И вот из этого ряда мрачных, тягостных звуков пробиваются шаги весны. Вот она спускается, слетаются птицы, и зелёный шум гудит вокруг неё… Внезапно в этом чередовании изображённых звуками картин родился новый, незнакомый мне напев. Это было не то, что я слышала каждый день, когда отец готовился идти играть «Снегурочку», и не то, что сегодня исполнял большой оркестр.

Но то, что играл отец, я все-таки узнавала. Я слышала это на тёмном дворе, у входа в подвал к Даниле-дворнику, когда за чёрным выступом фабричной стены проступало покрытое яркими звёздами небо. В этом слабо мерцающем свете виднелась голова Кондратьева; он сидел на лавочке и негромко пел про убранных коней и ту, другую песню, которая вдруг зазвучала в комнате. Я догадалась, что отец тоже сам рассказывал, только не словами, а, как и Чайковский, музыкой, и вот почему я видела перед собой Кондратьева с его блестящими, спрашивающими глазами…

— Папа! — закричала я.

— Я знаю, это Кондратьев пел!..

Отец на секунду перестал играть, взглянул, наклонил голову и стал играть дальше. Потом опустил смычок, положил скрипку в футляр и подошёл ко мне.

— Узнала песню Кондратьева? — сказал он.

— Значит, кое-что всё-таки слышишь…

— Это Кондратьев придумал?

— Это? Нет, это называется трудным словом — «импровизация». Ну, спи, глазастый, спи.

Не могу рассказать, когда это было, но, мне помнится, с этих шести — семи лет во мне появился как бы новый, внутренний слух. Внутри у меня постоянно текла какая-то мелодия, очень похожая и составленная из тех, которые играл на скрипке отец, хотя я и не могла её выразить голосом. Эта звучная, сильная и необыкновенно радостная мелодия не жила во мне спокойно, она требовала выражения, и я иногда пробовала её петь. Но выходило совсем простое, а не то, что так хотелось выпустить на волю.
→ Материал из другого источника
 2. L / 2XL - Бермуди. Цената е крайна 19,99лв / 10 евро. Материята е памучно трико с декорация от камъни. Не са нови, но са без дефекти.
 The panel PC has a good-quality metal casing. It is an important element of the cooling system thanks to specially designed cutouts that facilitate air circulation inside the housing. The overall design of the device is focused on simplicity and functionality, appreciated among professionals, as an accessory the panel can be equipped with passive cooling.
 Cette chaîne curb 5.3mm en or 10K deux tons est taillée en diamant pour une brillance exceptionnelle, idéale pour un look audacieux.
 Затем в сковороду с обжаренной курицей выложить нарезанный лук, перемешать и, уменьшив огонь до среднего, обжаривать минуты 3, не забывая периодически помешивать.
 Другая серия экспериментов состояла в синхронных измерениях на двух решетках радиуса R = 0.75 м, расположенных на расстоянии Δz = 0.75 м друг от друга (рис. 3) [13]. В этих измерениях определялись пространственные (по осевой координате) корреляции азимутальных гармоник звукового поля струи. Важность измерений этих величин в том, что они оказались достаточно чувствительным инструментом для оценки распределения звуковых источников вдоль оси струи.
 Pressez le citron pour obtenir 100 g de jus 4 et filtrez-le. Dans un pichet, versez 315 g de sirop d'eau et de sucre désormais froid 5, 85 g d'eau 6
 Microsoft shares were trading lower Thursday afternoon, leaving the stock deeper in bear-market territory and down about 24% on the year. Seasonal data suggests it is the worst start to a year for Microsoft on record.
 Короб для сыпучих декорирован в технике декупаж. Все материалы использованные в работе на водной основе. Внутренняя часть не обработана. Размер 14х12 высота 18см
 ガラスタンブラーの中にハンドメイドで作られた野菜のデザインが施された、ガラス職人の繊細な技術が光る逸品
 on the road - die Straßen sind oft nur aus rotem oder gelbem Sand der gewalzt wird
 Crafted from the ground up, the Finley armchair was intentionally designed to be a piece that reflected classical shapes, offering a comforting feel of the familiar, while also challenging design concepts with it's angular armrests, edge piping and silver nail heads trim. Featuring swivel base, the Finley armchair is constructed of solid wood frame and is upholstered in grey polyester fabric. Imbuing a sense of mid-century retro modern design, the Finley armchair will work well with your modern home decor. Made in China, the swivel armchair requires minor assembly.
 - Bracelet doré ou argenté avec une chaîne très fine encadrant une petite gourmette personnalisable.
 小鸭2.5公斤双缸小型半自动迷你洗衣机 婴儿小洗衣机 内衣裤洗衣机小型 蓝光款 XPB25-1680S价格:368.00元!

Это стало источником не только большой моей любви к музыке, которая вливалась и умещалась во мне, обогащая и усиливая ту, внутреннюю мелодию, но и источником мучений: я не умела пробить какую-то кору и выпустить родник на волю.

Отец не мог меня учить играть. Он работал всё больше и больше, а мы жили всё труднее. Но он не оставлял скрипки: она была его радостью до конца жизни. Иногда он говорил:

— Надо было бы попробовать учить тебя!

Но для этого у него не было ни времени, ни возможностей.

…Иногда, я помню, на быстром бегу, на верхушке высокого дерева радость, восторг охватывали меня, расширяли грудь, и я думала, что вот сейчас я запою. Но я даже не пробовала, а, завидев идущего к дому отца, бежала ему навстречу и бурно кидалась на шею. Это было тоже каким-то выражением себя, и он это понимал.